◆ Exercise:
Please give the whole listing again word for word, and drop any pictures it holds.

◆ Data below:
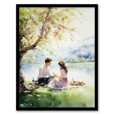 Artery8 Summer Romance Watercolour Painting Picnic By The Lake Under A Cherry Blossom Tree Bedroom Art Artwork Framed Wall Print A4
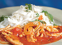 A paradicsomot cikkekre vágjuk, a paprikát kicsumázzuk és csíkokra vágjuk, a csirkemellet felcsíkozzuk. A felaprított hagymát forró olajon megizzasztjuk, majd hozzáadjuk a zúzott fokhagymát. Hozzáadjuk a csirkehúst, megpirítjuk, aztán hozzádobjuk a paradicsomot és a paprikát. Felöntjük 4 dl hideg vízzel, elkeverjük a KNORR Mediterrán csirke alappal, felforraljuk. Mérsékelt tűzön 10-15 perc alatt készre főzzük.
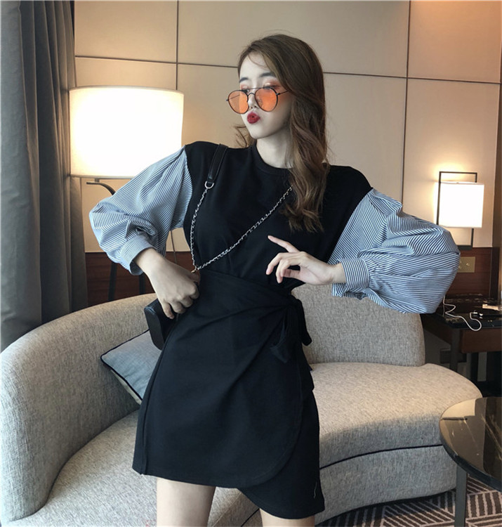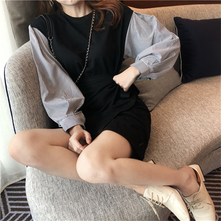 / 晚晚風新款時尚韓版chic圓領衛衣拼接條紋長袖不規則收腰連衣裙女

◆ Solution to the exercise:
 Artery8 Summer Romance Watercolour Painting Picnic By The Lake Under A Cherry Blossom Tree Bedroom Art Artwork Framed Wall Print A4
 A paradicsomot cikkekre vágjuk, a paprikát kicsumázzuk és csíkokra vágjuk, a csirkemellet felcsíkozzuk. A felaprított hagymát forró olajon megizzasztjuk, majd hozzáadjuk a zúzott fokhagymát. Hozzáadjuk a csirkehúst, megpirítjuk, aztán hozzádobjuk a paradicsomot és a paprikát. Felöntjük 4 dl hideg vízzel, elkeverjük a KNORR Mediterrán csirke alappal, felforraljuk. Mérsékelt tűzön 10-15 perc alatt készre főzzük.
 / 晚晚風新款時尚韓版chic圓領衛衣拼接條紋長袖不規則收腰連衣裙女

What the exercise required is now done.